Problem requirements:
Transcribe each entry exactly; skip the images.
╔══
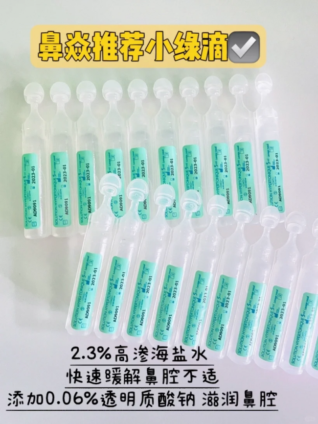 💚高渗小绿滴: 2.3%高渗盐水,鼻焱时用,快速缓解 添加0.06%透明质酸钠,滴滴滋润!
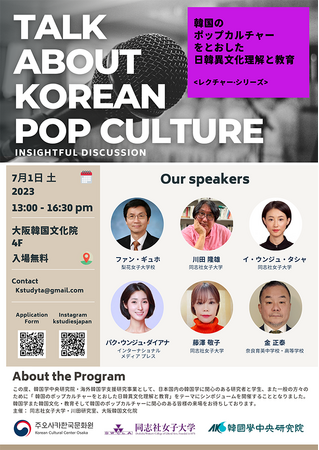 駐大阪韓国文化院と同志社女子大学は、7月1日(土) に、韓国学中央研究院・海外韓国学支援研究事業として、「韓国のポップカルチャーをとおした日韓異文化理解と教育」をテーマにした特別講演 "Let's talk about Korean Pop Culture"を開催する。
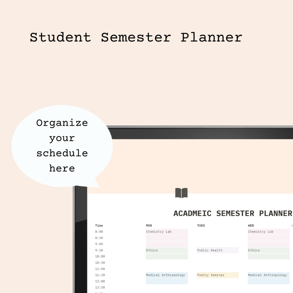 Student semester planner to keep you organized.
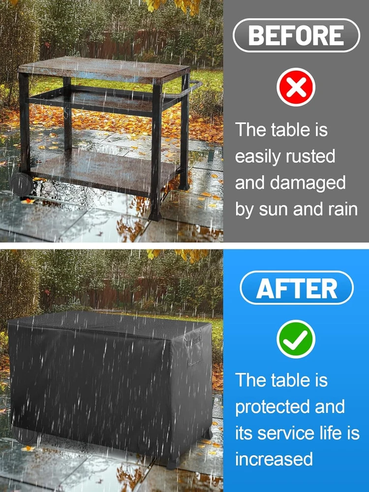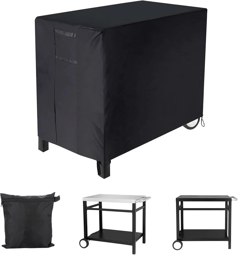 【Desirable Size】You will receive an ideal-size black outdoor prep table cover. It can be perfectly compatible with the Royal Gourmet double-shelf movable dining cart work table (model PC3401B and PC3401S). The size is measured as 40" L x 24" W x 32" H. 【Reliable Material】Made of premium 420 Oxford cloth, our dining cart cover is especially hard-wearing and keeps your worktable dustproof when not in use. It can be suitable for various weather conditions and protects your table from rain, snow, or hot sun. 【Waterproof Lining】Our cover has a PVC silver coating on the lining, which provides deeper waterproof protection for your dining cart. It can protect many hooks or screws that come with the cart from rusting. A better waterproof effect brings a better user experience. 【Thoughtful Detail】Two buckle straps that can be tied to the table legs and the drawstring at the hem allow the cover to fit snugly on the prep table and prevents the cover from being blown away in windy weather. Mesh air vents on both sides of the prep table cover effectively prevent moisture buildup. Two side handles are securely sewn to the cover and allow you to easily remove the cover from the table. 【Widely Applicable】Our prep table cover also can be compatible with furniture of similar size and used in multiple scenes, such as a bbq table, outdoor bar, outdoor prep table, outdoor prep station, grill prep station, etc. Want to provide full protection for Royal Gourmet worktable? We sincerely recommend our outdoor dining cart cover to you! Features 1. Measures 40"L x 24"W x 32"H and fits the table model PC3401B and PC3401S perfectly 2. Made of Oxford cloth, hard-wearing and keeps your table dustproof and weatherproof 3. PVC coating on the lining provides deeper waterproof protection for your dining cart 4. Two buckle straps and the drawstring allow the cover to fit snugly on the prep table 5. Mesh air vents on both sides of the prep table cover effectively prevent moisture buildup 6. Side handles are securely sewn to the cover and you can easily remove the cover from the table Specifications: Color: Black Material: 420D Oxford Cloth & PVC Silver Coating
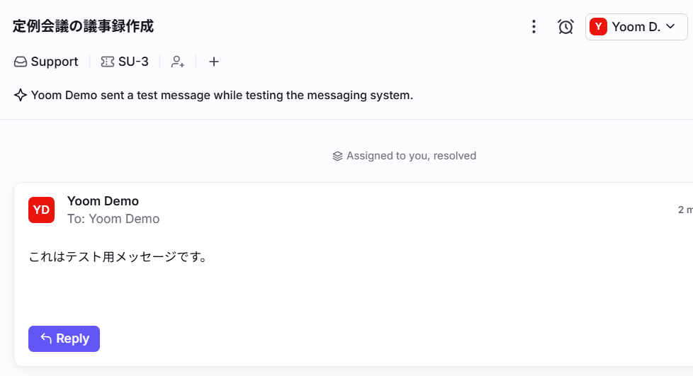 - 設定を終えたら、Frontの指定したConversationでテスト用のメッセージを送信してください。
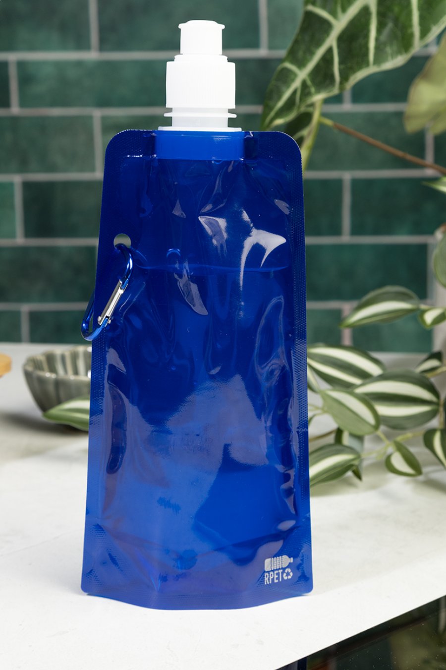 Skládací sportovní láhev z RPET s víčkem na pití a hliníkovou karabinou, 500 ml. Bez BPA. Nevhodná pro sycené nápoje.
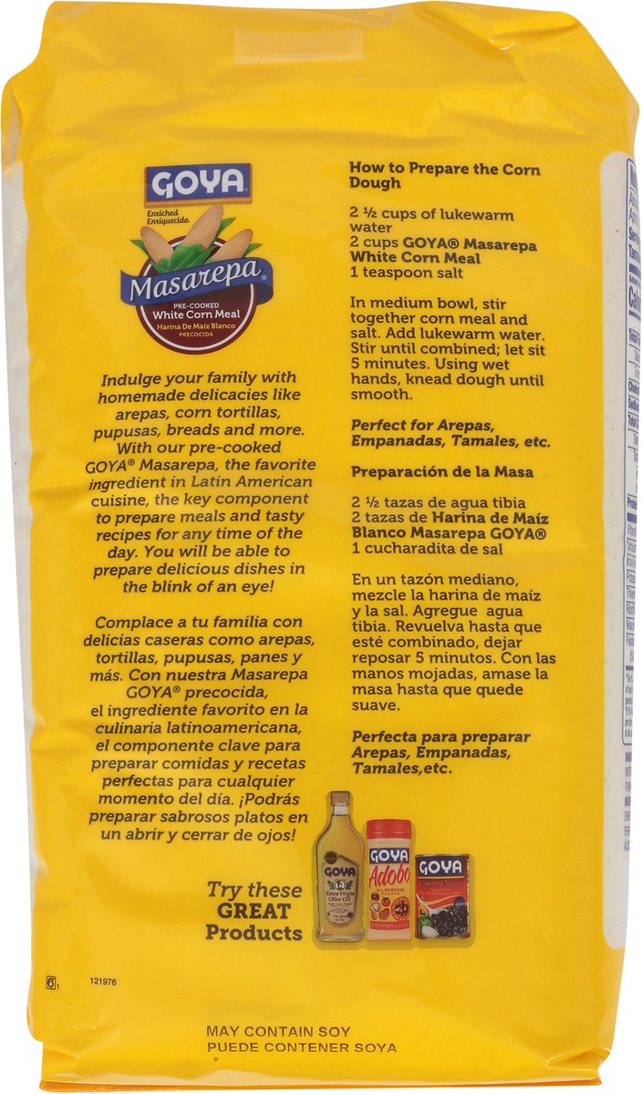 A favorite ingredient in Venezuelan and Colombian cuisine, GOYA® Masarepa – Pre-Cooked White Corn Meal is a finely ground corn flour, the key ingredient in a variety of dishes like arepas, tortas, bre…
╚══
Written solution:
 💚高渗小绿滴: 2.3%高渗盐水,鼻焱时用,快速缓解 添加0.06%透明质酸钠,滴滴滋润!
 駐大阪韓国文化院と同志社女子大学は、7月1日(土) に、韓国学中央研究院・海外韓国学支援研究事業として、「韓国のポップカルチャーをとおした日韓異文化理解と教育」をテーマにした特別講演 "Let's talk about Korean Pop Culture"を開催する。
 Student semester planner to keep you organized.
 【Desirable Size】You will receive an ideal-size black outdoor prep table cover. It can be perfectly compatible with the Royal Gourmet double-shelf movable dining cart work table (model PC3401B and PC3401S). The size is measured as 40" L x 24" W x 32" H. 【Reliable Material】Made of premium 420 Oxford cloth, our dining cart cover is especially hard-wearing and keeps your worktable dustproof when not in use. It can be suitable for various weather conditions and protects your table from rain, snow, or hot sun. 【Waterproof Lining】Our cover has a PVC silver coating on the lining, which provides deeper waterproof protection for your dining cart. It can protect many hooks or screws that come with the cart from rusting. A better waterproof effect brings a better user experience. 【Thoughtful Detail】Two buckle straps that can be tied to the table legs and the drawstring at the hem allow the cover to fit snugly on the prep table and prevents the cover from being blown away in windy weather. Mesh air vents on both sides of the prep table cover effectively prevent moisture buildup. Two side handles are securely sewn to the cover and allow you to easily remove the cover from the table. 【Widely Applicable】Our prep table cover also can be compatible with furniture of similar size and used in multiple scenes, such as a bbq table, outdoor bar, outdoor prep table, outdoor prep station, grill prep station, etc. Want to provide full protection for Royal Gourmet worktable? We sincerely recommend our outdoor dining cart cover to you! Features 1. Measures 40"L x 24"W x 32"H and fits the table model PC3401B and PC3401S perfectly 2. Made of Oxford cloth, hard-wearing and keeps your table dustproof and weatherproof 3. PVC coating on the lining provides deeper waterproof protection for your dining cart 4. Two buckle straps and the drawstring allow the cover to fit snugly on the prep table 5. Mesh air vents on both sides of the prep table cover effectively prevent moisture buildup 6. Side handles are securely sewn to the cover and you can easily remove the cover from the table Specifications: Color: Black Material: 420D Oxford Cloth & PVC Silver Coating
 - 設定を終えたら、Frontの指定したConversationでテスト用のメッセージを送信してください。
 Skládací sportovní láhev z RPET s víčkem na pití a hliníkovou karabinou, 500 ml. Bez BPA. Nevhodná pro sycené nápoje.
 A favorite ingredient in Venezuelan and Colombian cuisine, GOYA® Masarepa – Pre-Cooked White Corn Meal is a finely ground corn flour, the key ingredient in a variety of dishes like arepas, tortas, bre…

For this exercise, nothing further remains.